Neben diesen Eigenentwicklungen entschied sich Bradtmöllers Vater 2005 für den Zukauf von Nortase®, ein vegetarisches Enzymersatzpräparat zur Behandlung exokriner Pankreasinsuffizienz. Weil dabei die Bauchspeicheldrüse zu wenig oder keine lebenswichtigen Verdauungsenzyme produziert, muss substituiert werden.
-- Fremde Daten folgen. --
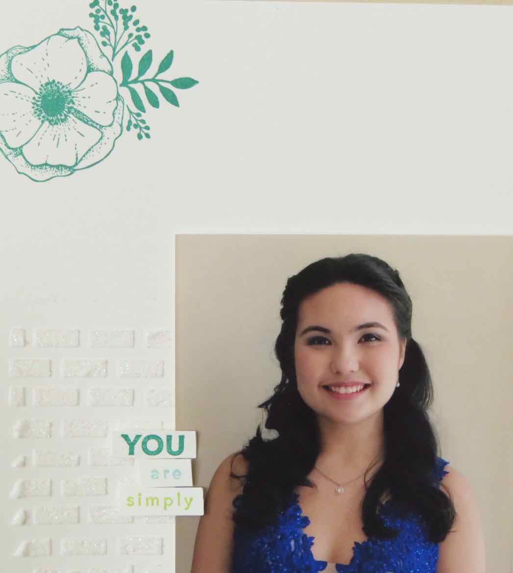 I used the stamp and thinlits in this scrapbook page of my daughter. I can’t believe she’s all grown up!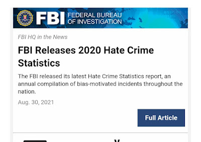 FBI Continues Hate Crime Reporting Campaign, Implying America Is racist – Its 2020 Hate Crime Statistics say otherwise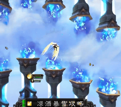 而9.0这个新的世界任务的玩法和flappybird基本相同,按1键位那个技能就是让角色往上飞一点点,不按就会因为重力向下坠落,玩家需要通过这些变形的水管的空隙: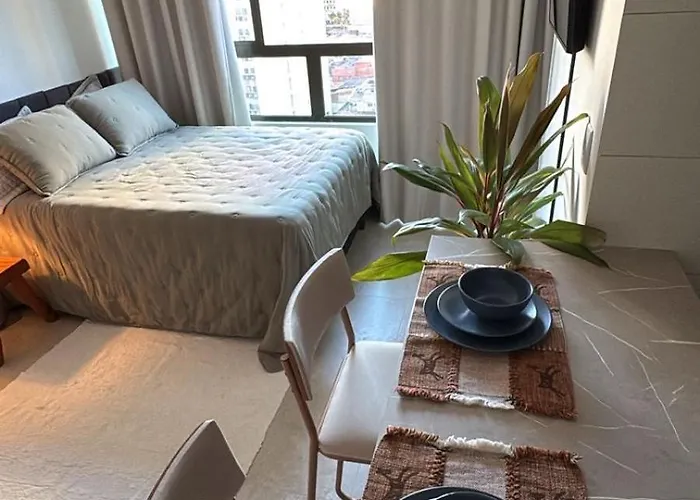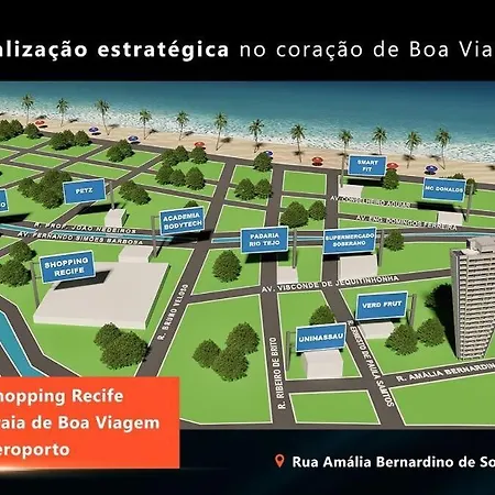 Flat Boa Viagem Apartment is fitted with an equipped kitchen. The nearest airport is Guararapes, 0.9 km from Flat Boa Viagem Apartment, and Atacadao Boa Viagem bus station is nearly 10 minutes' walk away. Guests can take a dip in a swimming pool to relax after a long day.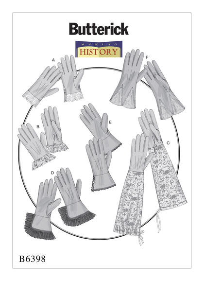 Gloves A have lace trim and side button opening. Gloves B have lace trim and front button opening. Gloves C have contrast lace sleeve with adjustable casing and front button placket. Gloves D, E have cuffs with side button opening and purchased fringe or braid trim. Gloves F have contrast lace overlays.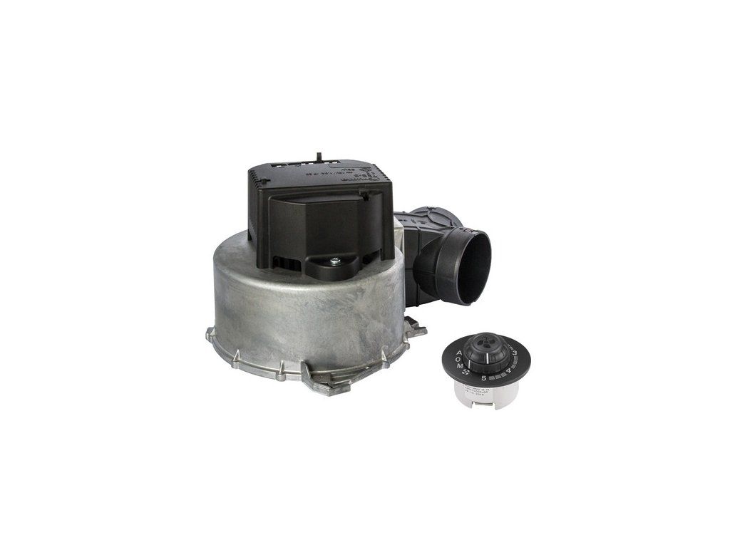 Výkonný 12 V ventilátor / rozfuk teplého vzduchu pro topná tělesa Truma, určený především pro Truma S 5004 a S 3004. Tento model má integrované ovládací bedienteil (ovládací panel) přímo na těle ventilátoru, takže není potřeba samostatný externí ovladač.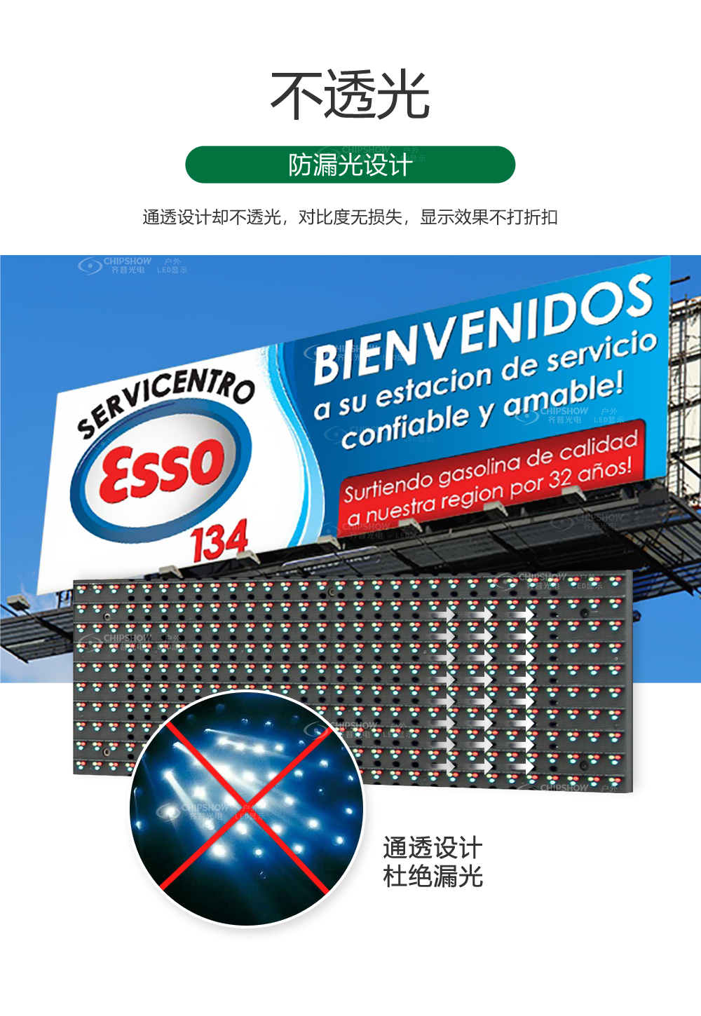 透:模组透风不透光设计,通透率为7%,风可以在屏体间流转,有效降低风阻。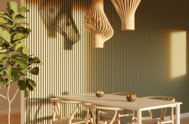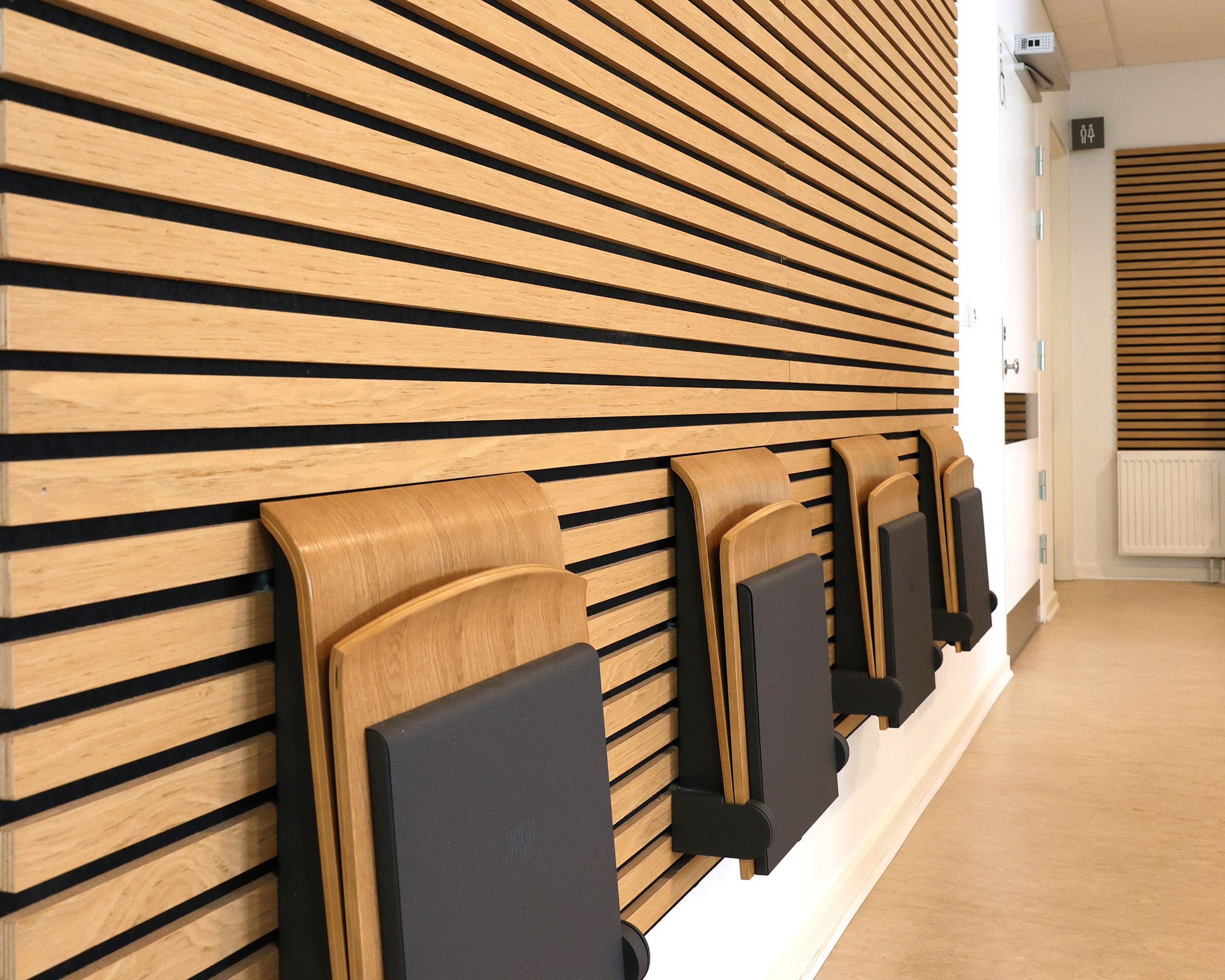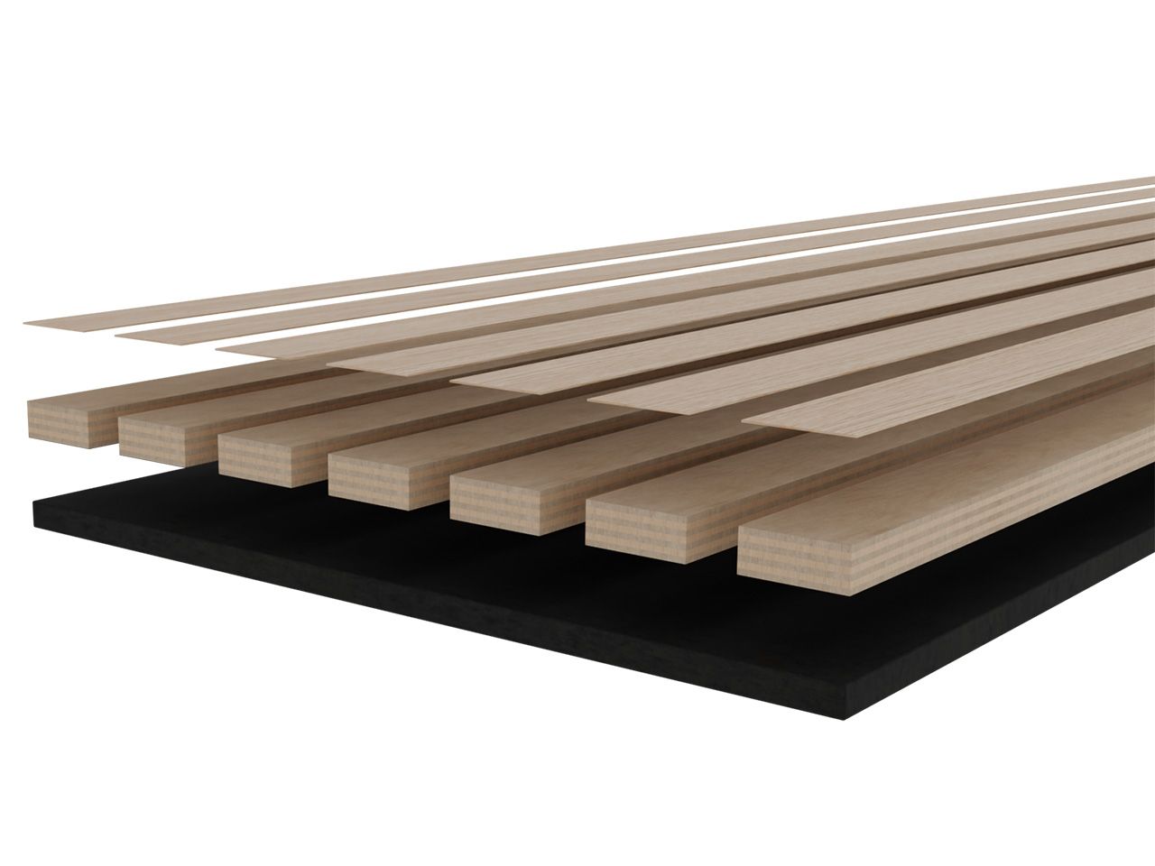 Our FR slats are produced from plywood. The more angles sound has to pass through, the more it is reduced. The structure and placement of the slat on the board cause the sound waves to break before they hit the board, further enhancing the reduction.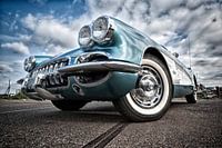 Krachtig beeld van een Chevrolet Corvette, model C1, uit 1959. De chrome grill steekt goed af tegen een mooie wolkenlucht. Door de gekozen hoek straalt deze klassieker kracht uit.
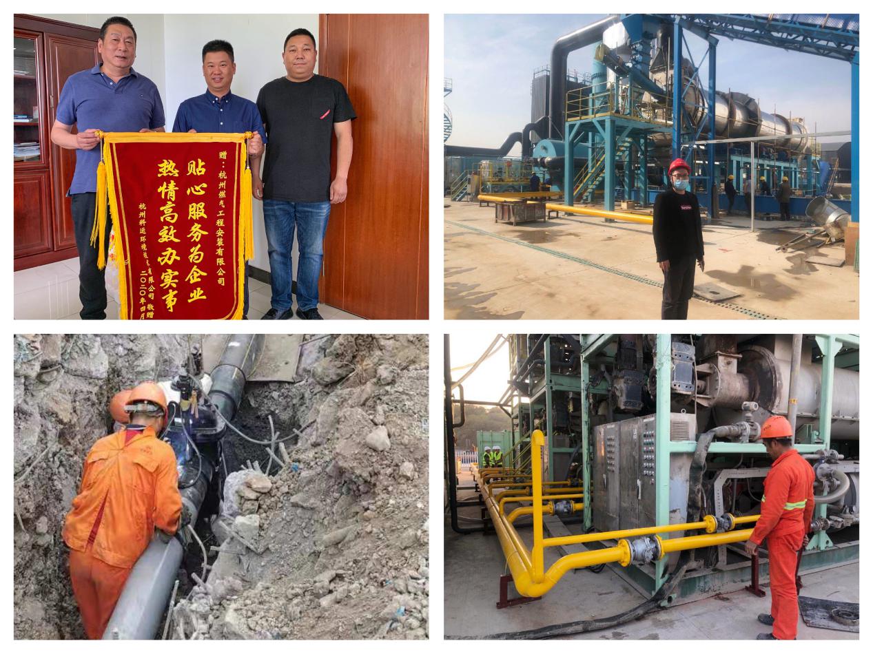 杭州科运环境技术有限公司专注于土壤环境综合治理。杭钢半山基地关停后,为保护和利用其工业遗存,科运环境进驻杭钢土壤治理厂区进行污染土壤修复工作。厂区内的挥发性有机污染物土壤需利用焚烧法进行修复,而焚烧土壤所使用的燃烧器则需要接通天然气作为动力。同为肩负“绿水青山就是金山银山”发展使命的工程公司义不容辞来助科运环境一臂之力。

Im Gegensatz zu Pankreatin, das aus Bauchspeicheldrüsen von Schweinen gewonnen wird, besteht Nortase aus vegetarischen Enzymen, die biotechnologisch aus japanischen Reispilzen gewonnen werden. Diese sind säurestabil und wirken bereits im Magen, wodurch Betroffene profitieren, bei denen Pankreatin nicht ausreichend wirkt oder die keine tierischen Produkte einnehmen möchten. Repha ist weltweit der einzige Anbieter von Arzneimitteln mit diesen Pilzenzymen. »Die Einzigartigkeit hat Repha schon immer fasziniert, also therapeutisch relevante Alternativen bieten zu können«, skizziert Bradtmöller die Firmenphilosophie.